Earlier in 2005, another Stone, Carson and Sharpe paper/article had been published –
https://www.acnr.co.uk/acnr%20jan%20feb%202005.pdf – in which they’d cited Nimnuan et al 2001 as evidence for high MUS/’functional symptoms’ prevalence rates in neurology. They claimed that Slater had been wrong about misdiagnosis, and that the rate of misdiagnosing neurological patients with functional neurological disorders in more recent times had been ‘consistently’ below 10%. Don’t they know what ‘consistently’ means? It seems that these authors will reference the Nimnuan et al study when it suits them to evidence high MUS/functional disorder prevalence rates in neurology but will ignore its other findings when they’re discussing and reviewing misdiagnosis rates.

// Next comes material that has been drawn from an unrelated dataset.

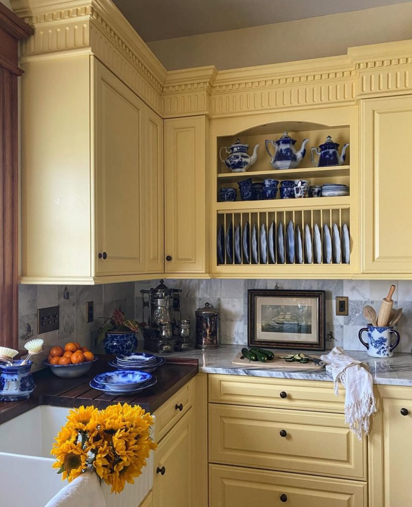 This kitchen beautifully blends blue and and pale yellow cabinetry in a style reminiscent of European country homes. The intricate molding, white and marble countertops, and curated display of china give it a distinctly vintage yet refined feel. It’s a timeless palette — blue and yellow is a pairing that decorators from Martha Stewart to traditional French designers have championed for decades. The result is a sophisticated, layered look that feels both welcoming and elegant.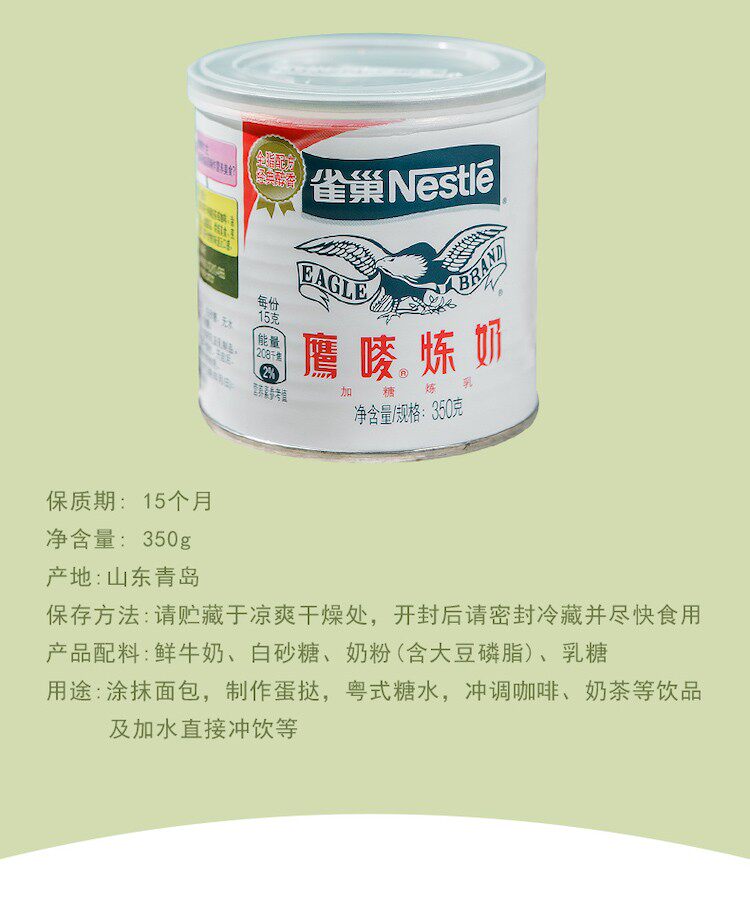| Цвет: | Nestle Eagle Mark Condensed Milk 350G*1 банка, Nestlé Eagle 唛 Рафинирование молока 350G*2 банка |

Their 2005 systematic review has been used to persuade and reassure doctors that they need not be overly concerned about the risk of misdiagnosis, and not only in neurology clinics but when labelling their patients with ‘MUS’ in any specialty. It was included as a reference in the RCPsych/RCGP’s 2011 “Guidance for health professionals on medically unexplained symptoms” – [available here on registering –
https://www.scie-socialcareonline.org.uk/…/a11G00000017xGwI… ] – to evidence that 4% to 10% of ‘MUS’ patients have their symptoms re-diagnosed as an ‘organic’ condition. Readers weren’t told about the high misdiagnosis rates of the Nimnuan et al 2000 paper, even though the paper was cited in the same section as evidence of high MUS prevalence rates! The same low 4% to 10% MUS misdiagnosis figure was also included on page 7 of this 2018 Paediatric Mental Health Association (PMHA)/ RCPsych guidance on MUS for pediatricians and other doctors –
https://paedmhassoc.files.wordpress.com/…/mus-guide-with-le… but the reference given was not the original review paper but the 2011 MUS guidance (discussed above) that had cited it. Paediatricians weren’t warned about the high misdiagnosis rates found in a key MUS study and weren’t advised to proceed to more complex investigations if basic investigations were negative.
Astonishingly, it seems that Stone, Carson, Warlow and Sharpe were concerned that their systematic review of misdiagnosis rates may not have been up to the mark years before those two guidance documents on MUS were published. In 2009 they reported on a newer study of misdiagnosis rates –
https://academic.oup.com/brain/article/132/10/2878/333395 , advancing their lack of full confidence in their review’s conclusion as a reason for conducting the new study. (From the 2009 paper it looks as if they may have decided that their systematic review wasn’t good enough even before the review was published!) Do they know that their shaky review has been used since as evidence to persuade doctors that MUS misdiagnosis rates are quite low? If so, then don’t they have a duty as doctors to point out its shortcomings to the medical community? Perhaps they’ve done this somewhere, but the very next article in that 2009 journal was a paper by Wessely and others –
https://academic.oup.com/brain/article/132/10/2889/328088 – in which the Stone et al 2005 review is referenced as evidence that ‘organic’ explanations can be ‘effectively’ ruled out. The paper opens with Nimnuan et al 2001 again being cited as evidence for high MUS prevalence rates (supposedly making up 30–60% of neurological referrals) but there’s no mention of that study’s 19% (or 21.1%) MUS misdiagnosis rate for neurology that, going by the Stone et al 2005 review paper, would be considered unacceptably high. What excuse is there for Wessely not mentioning those accompanying high MUS misdiagnosis rates?